METHODS: We performed a retrospective review of neuroimaging in 181 patients with epilepsy presenting to a specialized referral hospital (Addis Ababa University Tikur Anbessa Teaching Hospital) and a private clinic (Yehuleshet Higher Clinic) in Addis Ababa, Ethiopia between September 2008 and August 2010. Each patient had an interictal EEG recording.
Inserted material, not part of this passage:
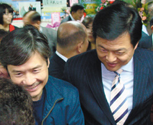 國(guó)民黨臺(tái)北縣黨部新主委布達(dá)典禮,黨中央秘書長(zhǎng)金溥聰(中間左)與縣長(zhǎng)周錫瑋互動(dòng)熱絡(luò)。圖片來(lái)源:臺(tái)灣《聯(lián)合晚報(bào)》

RESULTS: Neuroimaging demonstrated abnormal intracranial structural lesions in 65 of 181 or 35.9% of epileptic patients (31% with CT; 38% with MRI). Brain lesions were single in 28 (42.8%) and multiple in 23 (35.4%) patients. The lesions were lateralized in 35 patients (53.8%), with 23 (35.4%) on the left add 12 (18.5%) on the right. Twenty seven (41.5%) of these lesions originated in or involved the temporal or frontal lobes. Over one third of the lesions were lobar equally divided among temporal, frontal and parietal regions. The imaging findings demonstrated intracranial space occupying lesions (ICSOL) in 17 (9.4%) patients (with 64.7% brain tumors), cerebral infarctions in 15 (8.3%), cortical atrophy in 9 (5.0%), and gliosis in 7(3.9%). The interictal EEG recordings revealed epileptiform abnormalities in 60/181 patients (33.1%).

CONCLUSION: Neuroimaging detected intracranial pathology in more than one third of Ethiopian patients with epilepsy. A significant proportion of the cases demonstrated focal epileptiform discharges and non-epileptiform features with abnormal intracranial pathologies. Further prospective neuroimaging studies are recommended. Brain scan and EEG did help in the diagnosis, classification and treatment of epileptics.